-- INFORMATION GIVEN follows --

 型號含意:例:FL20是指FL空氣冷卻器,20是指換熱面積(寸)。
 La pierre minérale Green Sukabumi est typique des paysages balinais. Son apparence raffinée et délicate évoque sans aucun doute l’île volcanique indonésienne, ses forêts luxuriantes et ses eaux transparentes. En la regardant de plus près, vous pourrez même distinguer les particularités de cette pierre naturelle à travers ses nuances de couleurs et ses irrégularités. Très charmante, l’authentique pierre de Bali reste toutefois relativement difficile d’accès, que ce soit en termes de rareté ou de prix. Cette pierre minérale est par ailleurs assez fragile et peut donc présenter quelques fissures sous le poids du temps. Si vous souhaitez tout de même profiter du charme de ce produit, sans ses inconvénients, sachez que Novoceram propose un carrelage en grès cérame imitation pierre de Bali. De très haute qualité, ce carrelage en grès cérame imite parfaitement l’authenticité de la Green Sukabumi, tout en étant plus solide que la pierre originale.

-- INFORMATION GIVEN concluded --
-- INFORMATION GIVEN follows --

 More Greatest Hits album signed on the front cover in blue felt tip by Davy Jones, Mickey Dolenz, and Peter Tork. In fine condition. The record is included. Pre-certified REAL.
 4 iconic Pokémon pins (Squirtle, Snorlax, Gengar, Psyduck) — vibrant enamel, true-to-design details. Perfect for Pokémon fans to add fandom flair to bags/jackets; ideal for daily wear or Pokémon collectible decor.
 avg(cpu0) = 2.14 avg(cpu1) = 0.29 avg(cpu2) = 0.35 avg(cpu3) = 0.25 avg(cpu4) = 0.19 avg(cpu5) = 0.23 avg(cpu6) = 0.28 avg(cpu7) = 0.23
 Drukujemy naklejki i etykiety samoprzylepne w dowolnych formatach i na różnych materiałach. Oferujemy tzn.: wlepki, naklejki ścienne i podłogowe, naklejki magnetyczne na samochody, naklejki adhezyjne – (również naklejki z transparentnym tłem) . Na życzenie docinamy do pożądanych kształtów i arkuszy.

-- INFORMATION GIVEN concluded --

## [WHAT TO DO]
Reproduce exactly the entries above, limited to the lines from the one with "4 iconic Pokémon" through the one with "avg(cpu0) = 2.14", both included.

## [ANSWER FOR THE TASK]
 4 iconic Pokémon pins (Squirtle, Snorlax, Gengar, Psyduck) — vibrant enamel, true-to-design details. Perfect for Pokémon fans to add fandom flair to bags/jackets; ideal for daily wear or Pokémon collectible decor.
 avg(cpu0) = 2.14 avg(cpu1) = 0.29 avg(cpu2) = 0.35 avg(cpu3) = 0.25 avg(cpu4) = 0.19 avg(cpu5) = 0.23 avg(cpu6) = 0.28 avg(cpu7) = 0.23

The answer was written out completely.